Once you find the line containing "Belo invólucro de", set down exactly that line and every one after it through the end of the listing below, with both ends included and any pictures omitted.

*** SOURCE DATA Section Begins ***

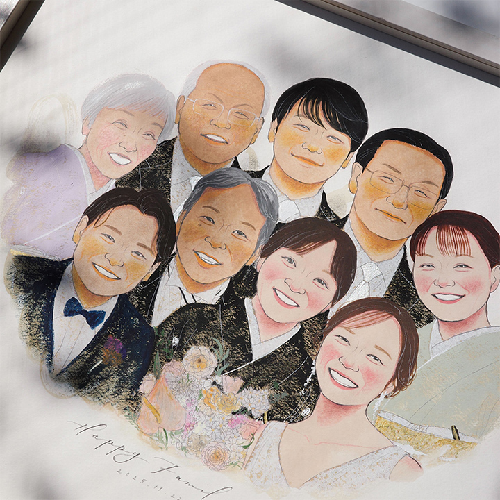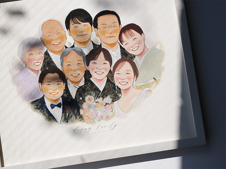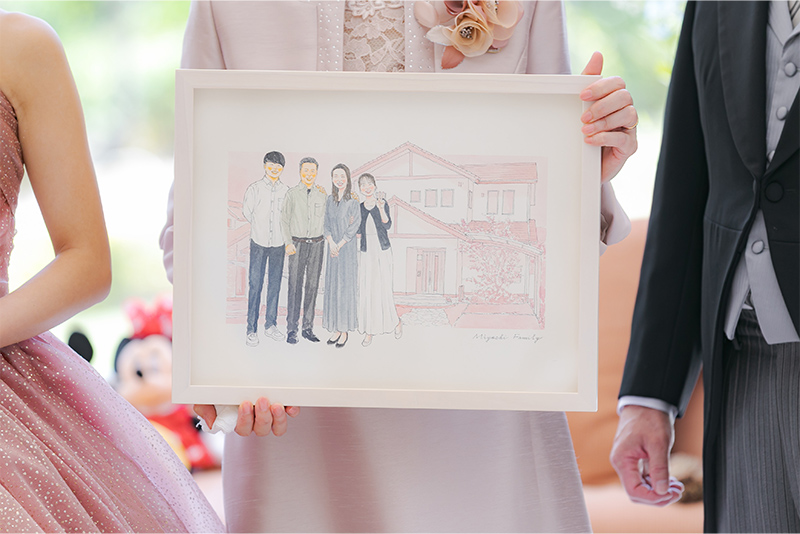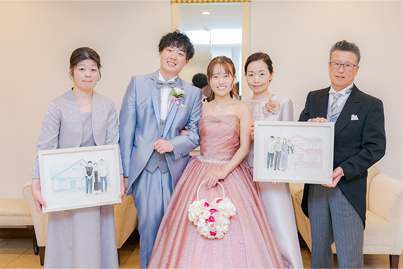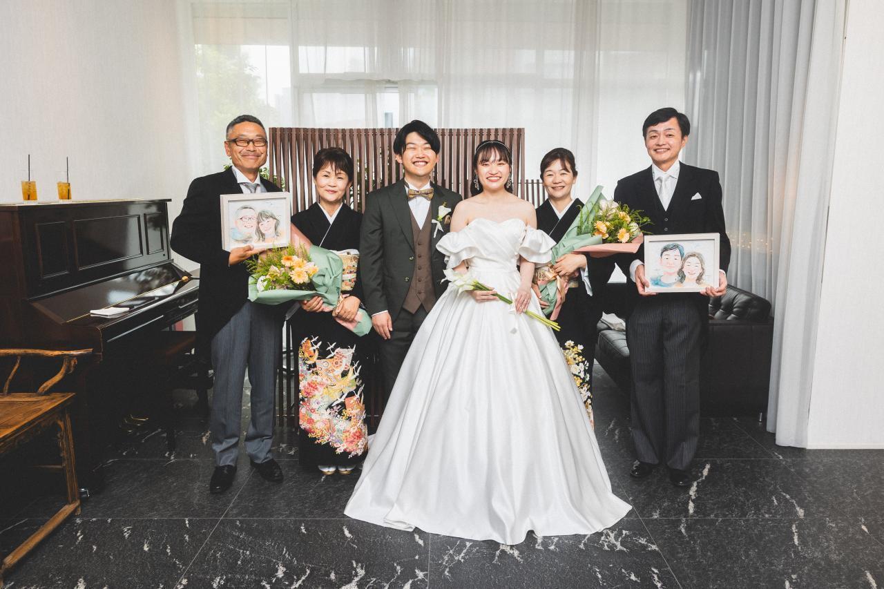 ふたつの家族がひとつになる結婚式。家族が繋がる似顔絵を贈りませんか?
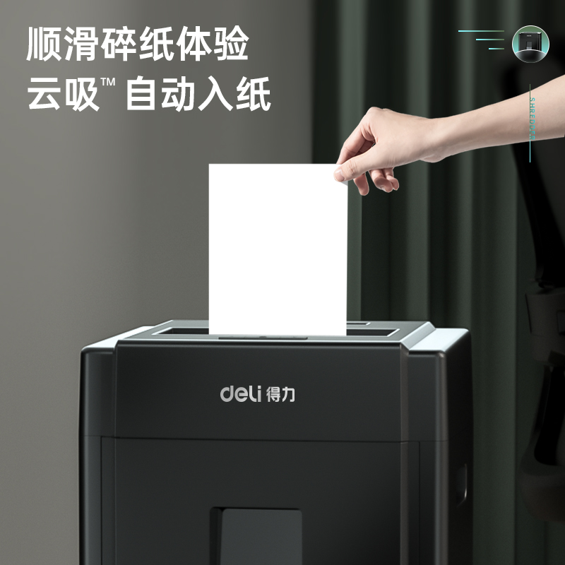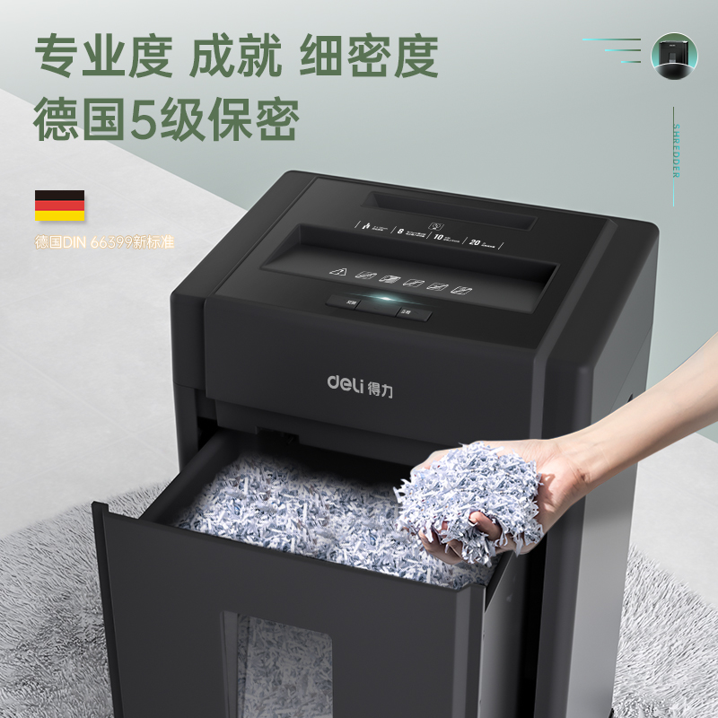 得力33043是一款保密等级为5级的碎纸机,定位于办公商用,该机型拥有米粒状的碎纸效果,商品毛重在12.64kg,纸箱容量为11-20L,单次碎纸张数为6-10张,噪音较小,最大的碎纸幅面为A4。可碎介质包括纸/光盘/卡/回形针等。
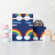 Belo invólucro de presente personalizado do arco-íris em azul marinho com bonito arco-íris com nuvens brancas e seu texto personalizado. LGBT ou papel de embrulho de orgulho gay para um aniversário ou outra ocasião comemorativa.
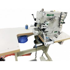 ORIGINAL OE-664PD-33ACx356/FT/RP/UT (комплект) Трехигольная, пятиниточная, швейная машина цепного стежка, рукавная, с боковым правым ножом, для подрезки края изделия и с функцией автоматической обрезкой нити. Машина оборудована пневматической системой отсоса обрези. ORIGINAL OE-664D-33ACX-356/FT/RT/UT предназначена для пришивания резинки к поясу изделия. Поставляется с прямым, энергосберегающим приводом с позицией иглы, имеет задний пуллер, механизм растяжки (ролики) изделия для пристрачивания резинки к поясу, направляющий механизм и роли..

*** SOURCE DATA Section Ends ***

◆ **EXERCISE RESULT**
 Belo invólucro de presente personalizado do arco-íris em azul marinho com bonito arco-íris com nuvens brancas e seu texto personalizado. LGBT ou papel de embrulho de orgulho gay para um aniversário ou outra ocasião comemorativa.
 ORIGINAL OE-664PD-33ACx356/FT/RP/UT (комплект) Трехигольная, пятиниточная, швейная машина цепного стежка, рукавная, с боковым правым ножом, для подрезки края изделия и с функцией автоматической обрезкой нити. Машина оборудована пневматической системой отсоса обрези. ORIGINAL OE-664D-33ACX-356/FT/RT/UT предназначена для пришивания резинки к поясу изделия. Поставляется с прямым, энергосберегающим приводом с позицией иглы, имеет задний пуллер, механизм растяжки (ролики) изделия для пристрачивания резинки к поясу, направляющий механизм и роли..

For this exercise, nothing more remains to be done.